Un hombre vigila a otro. Durante ese tiempo pausa su vida, la cual cae en una especie de letargo interrogativo en el que las preguntas sobre el sentido de los actos del vigilado se multiplican, implacables. Juntos, vigilante y vigilado agotan y alargan los parques, las avenidas, las calles. Esos recorridos ya de por sí enigmáticos, traman un enigma mayor. O al menos eso es lo que quiere creer el vigilante. Tras esa larga vigilancia el vigilante nada descubre, muy pocas cosas pasan excepto las preguntas y las suposiciones sobre el sentido de los actos de su vigilado: todo sin fundamento, todo producto de su imaginación.

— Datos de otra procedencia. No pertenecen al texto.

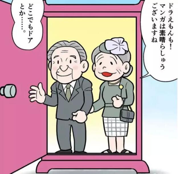 ▲网友所画藤子·F·不二雄风格的天皇夫妇和任意门
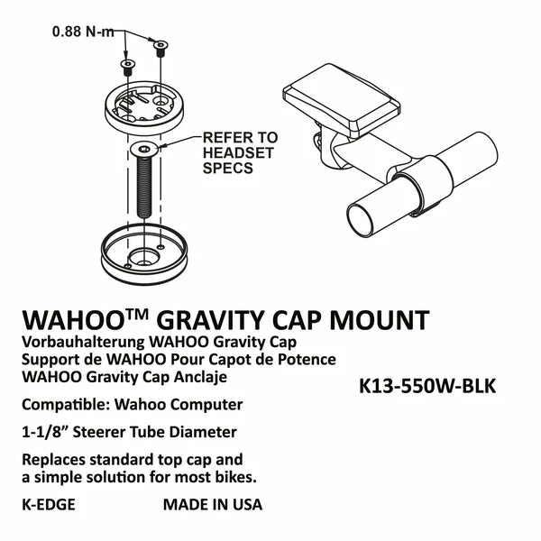 The K-EDGE Gravity Top Cap is a great computer mount for those mountain riders who want a secure, simple and sleek computer mount solution. The Gravity Cap replaces your existing top cap with the our mount milled out of US made 6061 aluminum. Ideal position for Downhill and Enduro racing, also a popular solution for any bike when using a smaller style computer.
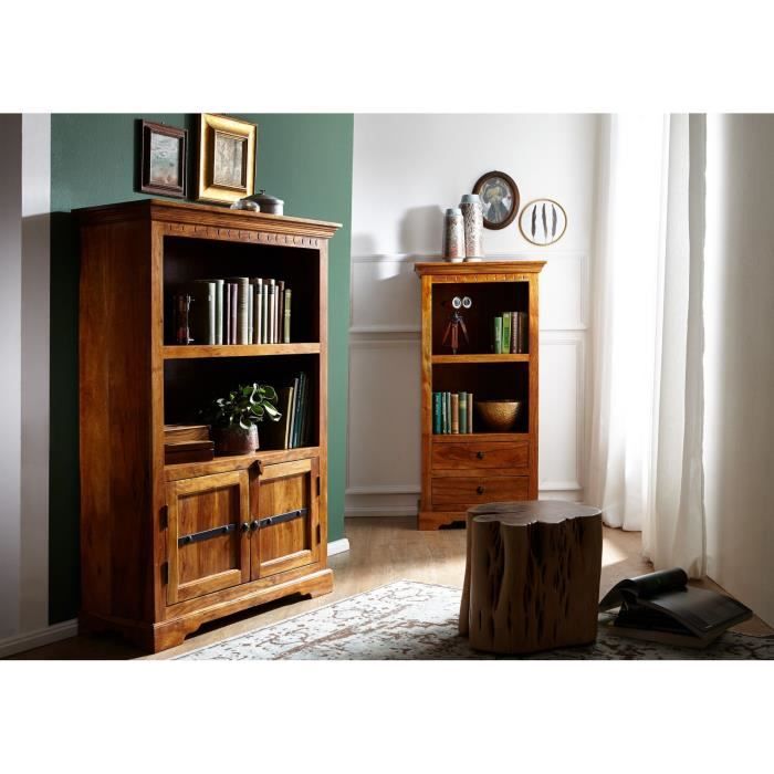 Meuble A Etageres Bibliotheque Bois Massif D Acacia Finition Sesham 100x30x180 Cm Achat Vente Bibliotheque Meuble A Etageres Cdiscount
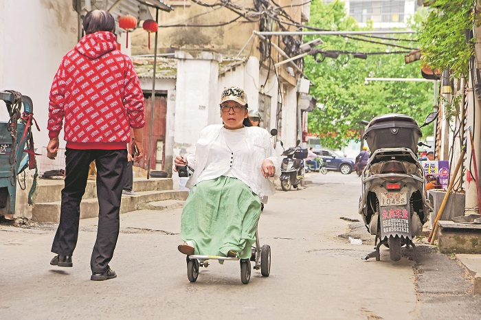 李傳琴坐著輪椅前往助殘就業(yè)中心上班。

El vigilado no trama nada, es solo un solitario que escribe día y noche. El vigilante hastiado de su trabajo inútil piensa en abandonar su tarea, hacer a un lado su curiosidad, apartarse del vigilado y continuar su vida donde la había dejado. Sin embargo, va sintiendo cómo la pausa en su vida se ha convertido en una suspensión. Lo que fue su vida se aleja ante lo que se ha convertido en una persecución; las preguntas sobre el sentido de los actos del vigilado se han convertido en preguntas que involucran la dirección y el propósito de su propia existencia.
Las razones por las que perseguido y perseguidor se prestan para tramar este laberinto son extrañas, traumáticas y, aunque parecen carecer de un sentido definido, nos invitan a tejer (mientras leemos) la conexión entre Ciudad de cristal, Fantasmas y La habitación cerrada que conforman la Trilogía de Nueva York de Paul Auster. Tres novelas en las que lo fortuito y el azar dictan los destinos de un par de escritores y un detective. Tres novelas en las que la vida, el arte y la ciudad se detienen casi de forma fortuita para volverse, armadas de preguntas, contra sí mismas.